From its humble origins as a role inside Google, Site Reliability Engineering has become a type of position or team that a wide variety of companies now embrace.
But that doesn’t mean that every company under the sun needs SREs. In this article, we unpack how to determine whether SREs should be a part of a given organization. In so doing, we aim to help both employers who are trying to figure out whether they should invest in SREs, and SREs wondering which types of companies are looking for the skills they stand to offer.
Why are SREs important?
Understanding who needs SREs starts with understanding why SREs are important to companies.
If you are an SRE, or you work with SREs, you already know the answer to this question. The main benefit of hiring an SRE (or SREs) is that businesses gain engineers who specialize first and foremost in ensuring that software works as it’s supposed to. In turn, SREs help to keep customers happy, while also mitigating the risk of disruptions to the systems businesses need to manage internal operations.
SREs also help in some ways to bridge the gaps between other types of roles. It’s important in this respect not to conflate SRE with DevOps, which more explicitly integrates IT with development. But by the nature of their work, SREs also help developers, IT engineers, QA engineers and even non-technical stakeholders (like customer relations teams) to collaborate.
Which companies should hire SREs?
Although the SRE role existed only inside Google for most of its history, that has changed over the past five years or so. Today, most of the big-name tech companies, such as LinkedIn and Netflix, proudly boast about how they have built SRE teams.

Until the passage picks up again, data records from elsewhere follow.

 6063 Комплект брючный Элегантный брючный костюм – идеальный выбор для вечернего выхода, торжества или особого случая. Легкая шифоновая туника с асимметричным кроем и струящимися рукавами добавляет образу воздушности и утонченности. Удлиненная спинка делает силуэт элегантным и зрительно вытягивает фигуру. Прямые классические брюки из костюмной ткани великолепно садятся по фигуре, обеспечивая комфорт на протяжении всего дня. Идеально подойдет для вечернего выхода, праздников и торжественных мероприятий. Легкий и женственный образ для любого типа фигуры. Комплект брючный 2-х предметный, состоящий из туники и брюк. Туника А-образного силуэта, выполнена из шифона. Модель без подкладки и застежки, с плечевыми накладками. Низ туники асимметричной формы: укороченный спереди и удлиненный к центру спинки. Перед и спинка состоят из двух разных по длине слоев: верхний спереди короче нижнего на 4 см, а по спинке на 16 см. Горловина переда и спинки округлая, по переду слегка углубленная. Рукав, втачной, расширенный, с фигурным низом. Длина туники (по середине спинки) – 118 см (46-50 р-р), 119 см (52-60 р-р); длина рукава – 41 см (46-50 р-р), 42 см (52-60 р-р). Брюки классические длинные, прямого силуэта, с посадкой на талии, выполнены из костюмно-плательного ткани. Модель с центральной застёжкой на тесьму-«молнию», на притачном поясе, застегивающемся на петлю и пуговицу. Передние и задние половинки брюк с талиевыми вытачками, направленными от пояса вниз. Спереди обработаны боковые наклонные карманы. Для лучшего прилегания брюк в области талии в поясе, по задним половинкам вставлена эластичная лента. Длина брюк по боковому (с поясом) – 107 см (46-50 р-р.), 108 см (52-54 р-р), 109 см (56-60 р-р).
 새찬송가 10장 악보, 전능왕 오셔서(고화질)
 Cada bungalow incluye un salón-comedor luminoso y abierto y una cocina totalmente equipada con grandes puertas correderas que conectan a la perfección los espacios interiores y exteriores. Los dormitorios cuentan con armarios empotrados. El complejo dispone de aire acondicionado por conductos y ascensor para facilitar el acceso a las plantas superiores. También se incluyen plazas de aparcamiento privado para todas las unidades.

But Google, LinkedIn (which is owned by Microsoft) and Netflix aren’t representative of the typical company. Although SREs might be nice to have for every company, justifying the effort and money required to build an SRE team hinges on whether conditions like the following are true:
- You have ultra-strict reliability needs: Companies like Netflix need to meet very stringent performance standards. After all, even blips of just a few seconds can be a big issue with video streaming. But if most of your user-facing tech is stuff like standard websites, ultra-high reliability and performance may not be as critical. Again, it would be nice to invest in these things if you can, but some companies have more to gain than others by hiring SREs to optimize reliability.
- You make strict reliability guarantees: Similarly, SREs matter more for businesses that need to meet strict reliability standards that are defined in SLAs and SLOs. If reliability issues could trigger contractual penalties, you may want to invest in SREs to help avoid those issues.

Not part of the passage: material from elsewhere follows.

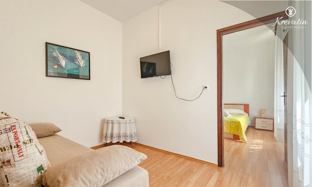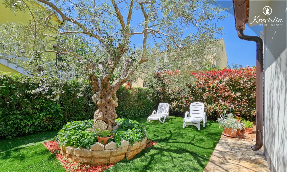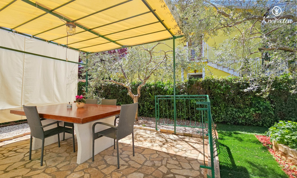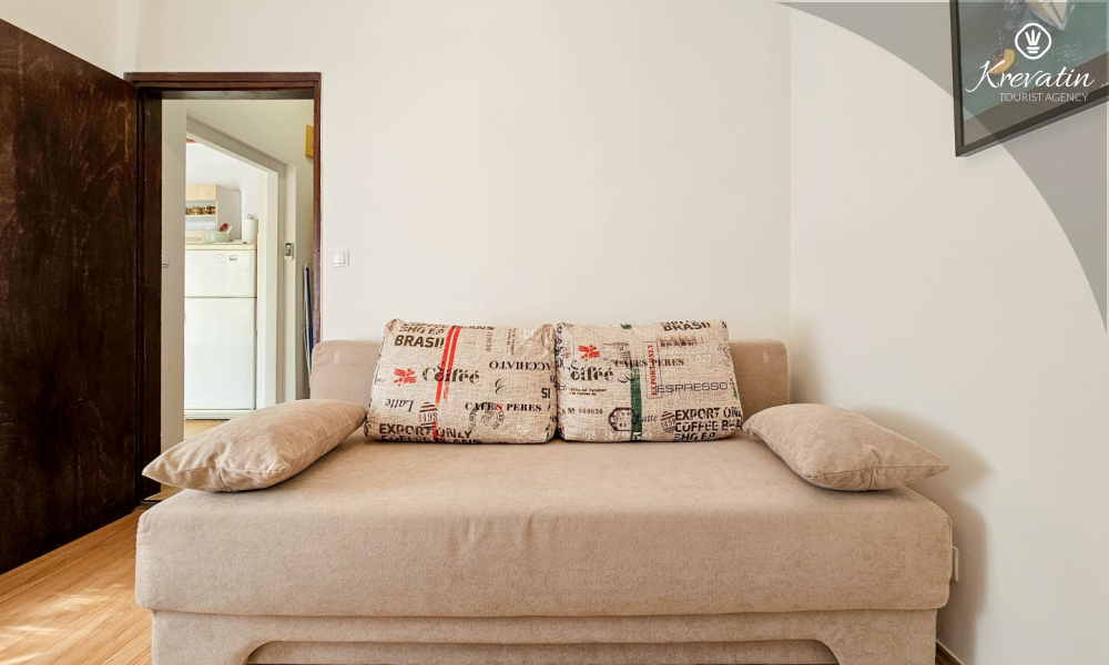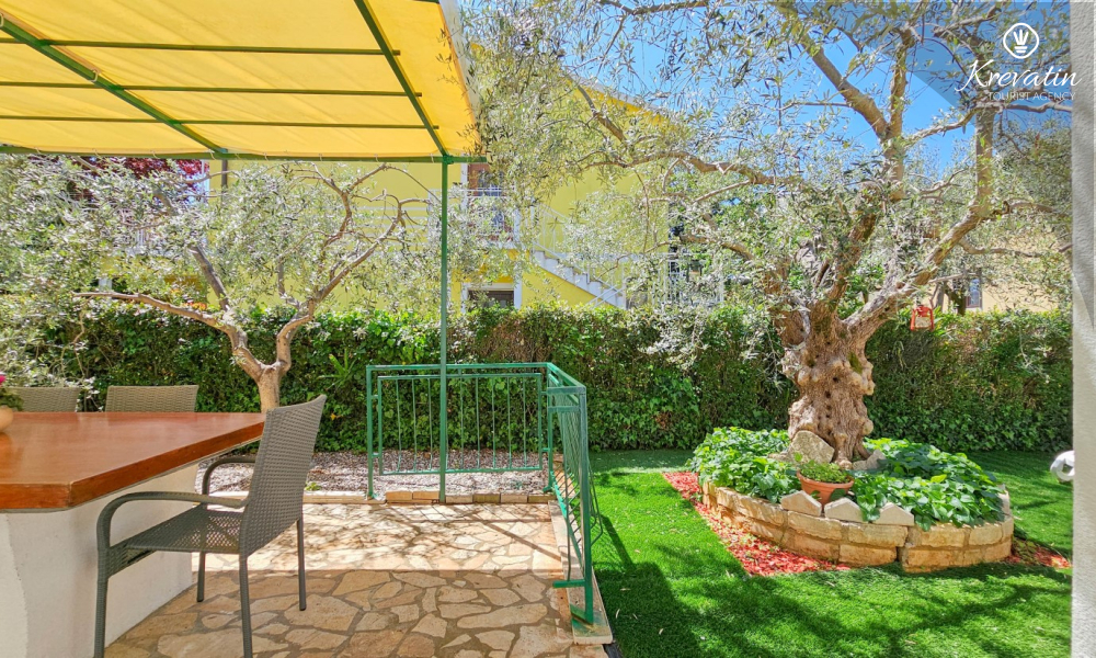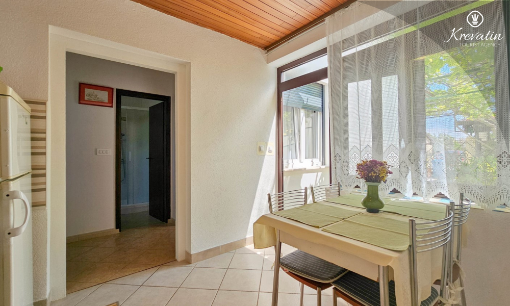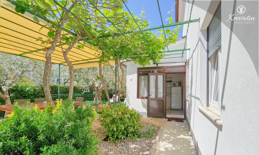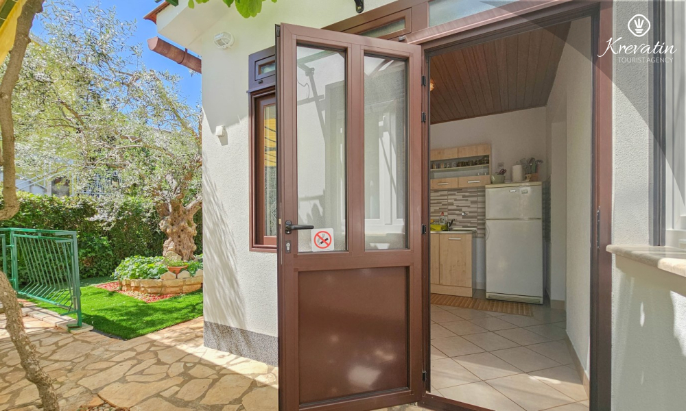 Situato al piano terra di una casa familiare, l'appartamento è composto da una camera da letto con letto matrimoniale, un soggiorno con due posti letto aggiuntivi e una cucina ben attrezzata. Inoltre, l'appartamento dispone di un bagno funzionale con doccia e WC e di un bellissimo giardino con terrazza, ideale per rilassarsi e godersi l'aria aperta.

- You have large development and IT teams: The larger and more complex your development and IT organizations, the more you stand to gain by hiring SREs who can ensure that reliability remains a priority across these sprawling teams. Smaller organizations with just a handful of developers and IT engineers can often enforce reliability goals without dedicating a role to them.
- You have a complex technology stack: Managing reliability is simple enough if you’re dealing with monolithic apps running on bare-metal servers. With a simpler stack, there are fewer things that can go wrong, and fewer variables to evaluate when trying to optimize for reliability. SREs become more valuable for companies with complex environments, like microservices-based apps.

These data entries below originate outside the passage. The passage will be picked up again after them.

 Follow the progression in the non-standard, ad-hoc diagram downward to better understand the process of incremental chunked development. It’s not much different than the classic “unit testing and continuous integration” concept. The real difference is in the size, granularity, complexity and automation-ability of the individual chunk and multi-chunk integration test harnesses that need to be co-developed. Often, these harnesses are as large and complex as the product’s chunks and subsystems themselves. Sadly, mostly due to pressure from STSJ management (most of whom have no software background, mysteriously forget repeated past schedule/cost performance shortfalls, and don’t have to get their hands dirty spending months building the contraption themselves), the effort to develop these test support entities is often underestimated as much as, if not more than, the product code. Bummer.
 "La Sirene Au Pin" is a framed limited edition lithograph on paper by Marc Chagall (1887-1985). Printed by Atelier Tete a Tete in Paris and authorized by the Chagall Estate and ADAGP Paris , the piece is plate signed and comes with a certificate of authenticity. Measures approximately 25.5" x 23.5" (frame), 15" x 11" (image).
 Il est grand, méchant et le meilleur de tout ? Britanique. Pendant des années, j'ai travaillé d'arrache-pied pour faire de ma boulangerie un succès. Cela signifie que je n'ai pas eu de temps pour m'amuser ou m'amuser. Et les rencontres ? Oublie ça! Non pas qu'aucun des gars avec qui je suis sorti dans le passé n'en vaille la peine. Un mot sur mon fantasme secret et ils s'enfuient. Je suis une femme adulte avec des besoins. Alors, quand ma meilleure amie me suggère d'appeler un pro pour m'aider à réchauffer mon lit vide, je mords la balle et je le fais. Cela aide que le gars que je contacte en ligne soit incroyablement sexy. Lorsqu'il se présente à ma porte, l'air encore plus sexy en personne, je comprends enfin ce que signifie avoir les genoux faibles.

- You have a continuous delivery pipeline: Along similar lines, SREs are more important for businesses with complex, fast-moving software delivery processes. If you are only updating your apps a few times a year, you probably don’t need SREs as much as a business that pushes out updates daily. In the latter case, SREs help ensure that software remains reliable even as it constantly evolves.
In general, these points could be summarized as follows: The larger your company, and the greater use it makes of modern, fast-moving technology and technological processes, the more you stand to gain from hiring SREs.
Conclusion
SREs are never a bad thing to have on your team. Devoting resources to SRE will never hurt.
However, the reality is that some businesses need SREs more than others, and some will yield a higher return than others on the effort and money they invest in building an SRE team. Companies and SREs alike should carefully evaluate these factors before committing to an SRE role.